FROM an Irish historical perspective, they may look like isolated anachronisms. From a British one, they look like reluctant forerunners, pushed out ahead to face questions - what will it mean to be British in the 21st century? - that the main body has been avoiding.

This is why, for instance, it is useless to tell unionists as John Hume - and Irish post-nationalists so often do - that they should forget about questions of sovereignty and embrace the new Europe where sovereignty is, in any case, pooled. The Scottish political theorist, Tom Nairn, has pointed out recently that asking people to abandon old-fashioned notions of sovereignty is all very well, but that you can't give away what you don't have.

And the fact is that Ulster unionists don't possess a simple, clear sovereignty which they can bring to the European table. Europe, as the Conservative Party discovered in the process of tearing itself apart, does not provide an easy way of avoiding the British question. In asking unionists to negotiate a new future for themselves, the world is asking them, essentially, to re-invent Britishness in very difficult circumstances, when the English, the Scots and Welsh haven't managed to do it in relatively easy ones. The formidable nature of the task doesn't excuse their flight from it. But it does entitle them to two things.

One is that those of us brought up within Irish nationalism remember that we're not the only ones trying to cope with the collapse of an old national identity. We have to distinguish between bloody-minded intransigence and finding room to manoeuvre when you've been boxed into a corner. Unionists need space and nationalists have to provide it.
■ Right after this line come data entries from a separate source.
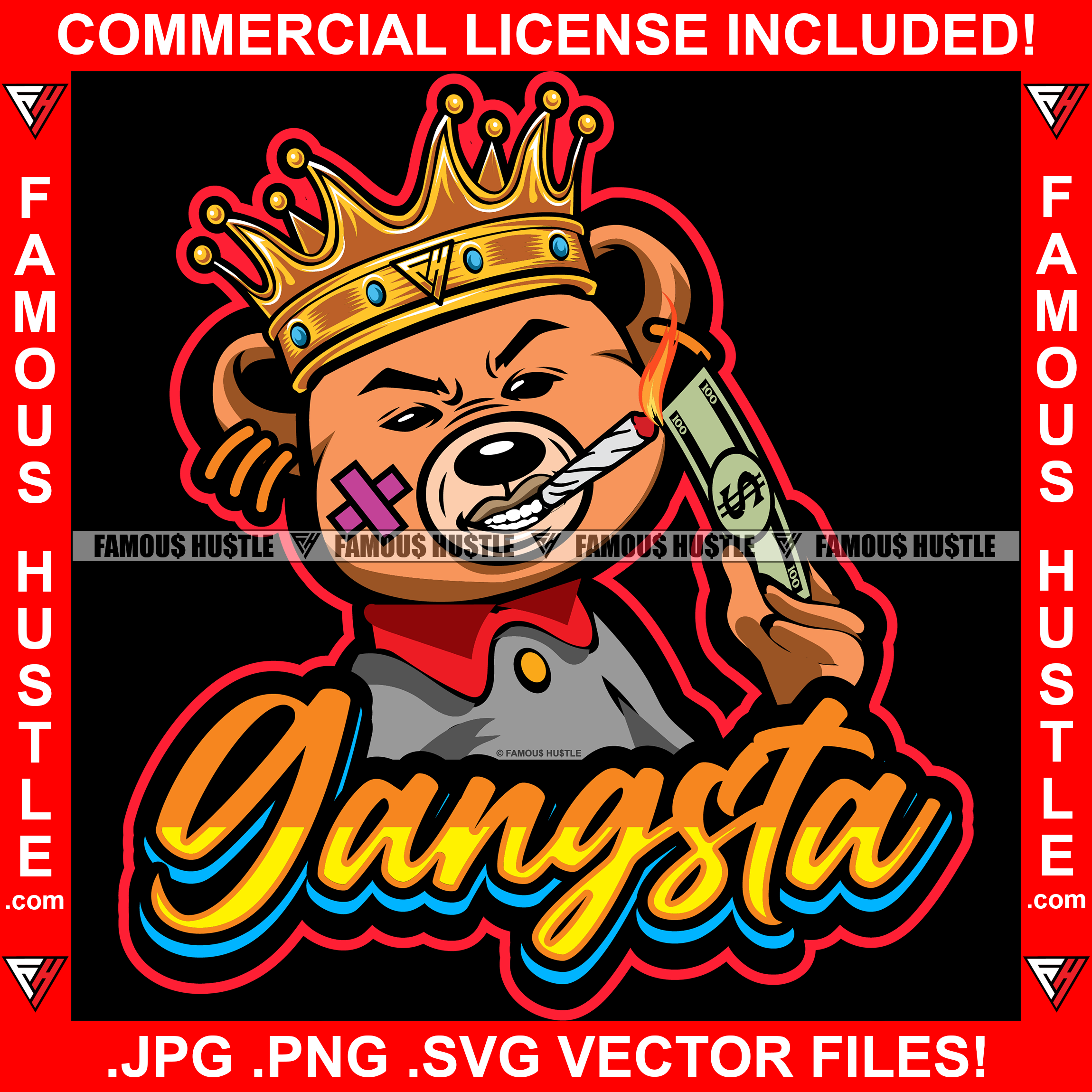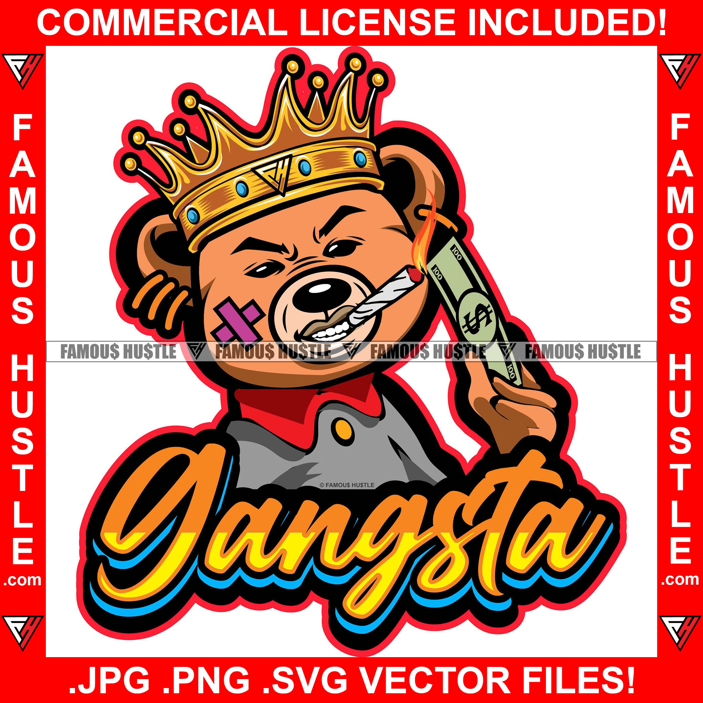 Gangsta Gangster Teddy Bear King Scar Face Cigar Burning Cash Money Gold Crown Hip Hop Rap Rapper Plug Trap Street Hood Ghetto Swag Thug Famous Hustle Baller Trapper Quote Art Graphic Design Logo T-Shirt Print Printing JPG PNG SVG Vector Cut File
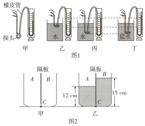 (5)利用如图2甲的实验器材进行拓展实验:容器中间用隔板分成$A$、$B$两部分,隔板底部有一小圆孔(用$C$表示),用薄橡皮膜封闭,橡皮膜两侧压强不同时,其形状会发生改变.如图2乙,当在$A$中盛水,测得深度为$12\ cm$,在$B$中盛某种液体,测得深度为$15\ cm$,此时$C$处橡皮膜形状刚好不改变,则$B$中液体密度$\rho_{液}=$_______$kg/m^{3}$.
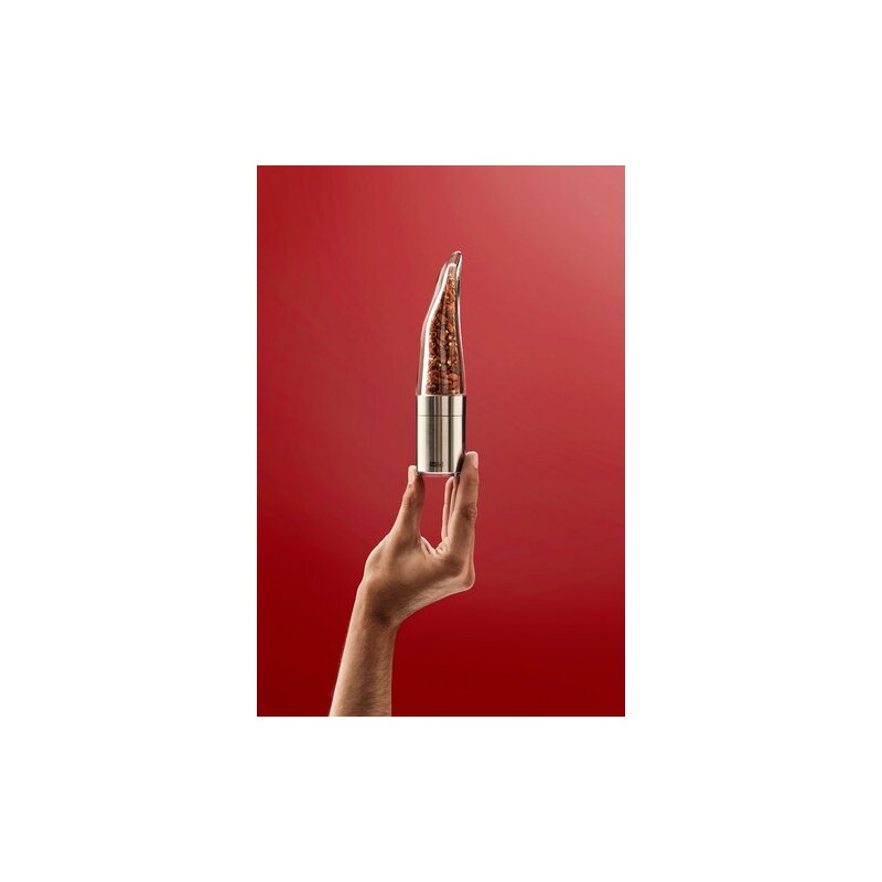 Ce moulin à piment en verre et inox est conçu pour révéler toute l’intensité des piments séchés. Contrairement à un moulin classique, il coupe finement le piment au lieu de l’écraser. Cette action permet de libérer les huiles essentielles et de préserver la richesse aromatique. Son design transparent permet de visualiser le contenu et d’ajuster facilement le dosage à table comme en cuisine.
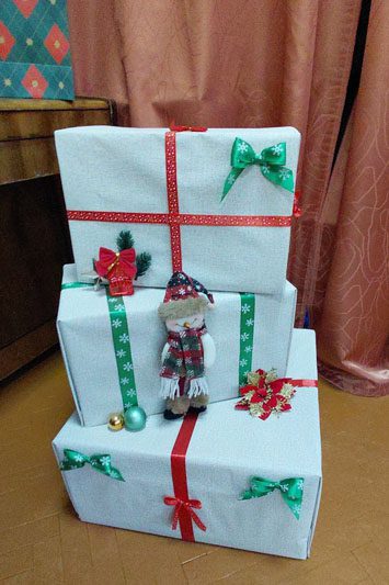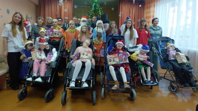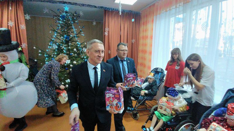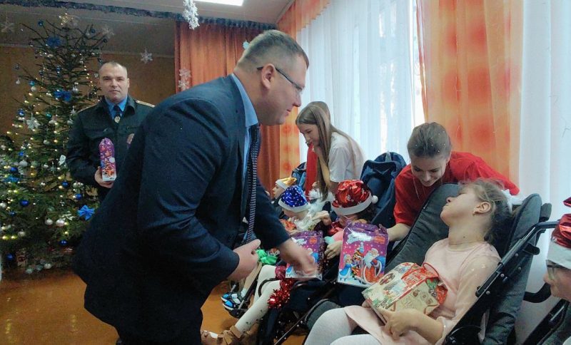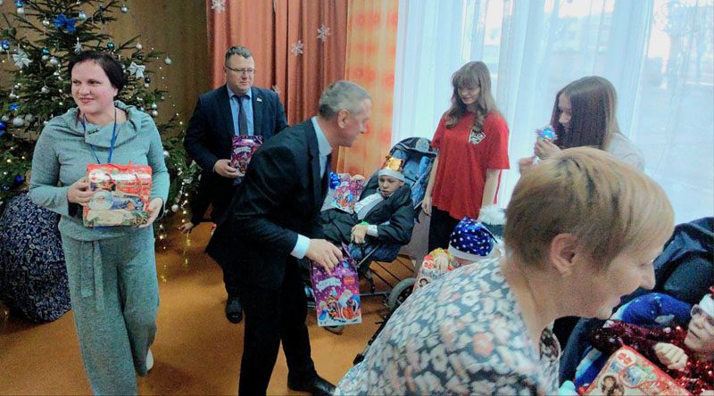 Лариса Элеоноровна, присоединившись к поздравлениям, передала детям огромные коробки с игрушками и развивающими играми, а также сладкие новогодние угощения.

And the other entitlement of unionists is that British people watching the Apprentice Boys on the nine o'clock news refrain from throwing up their eyes at the antics of these quaint relics of history. For what they will be seeing are people who do not have the soft option of drifting cosily through the end of a British era. People who, on their own, are having to answer a question that their compatriots in Finchley and Fulham, in Liverpool and Leeds, are only beginning to ask. They will be seeing not just their own past but the first unsteady steps towards their own future.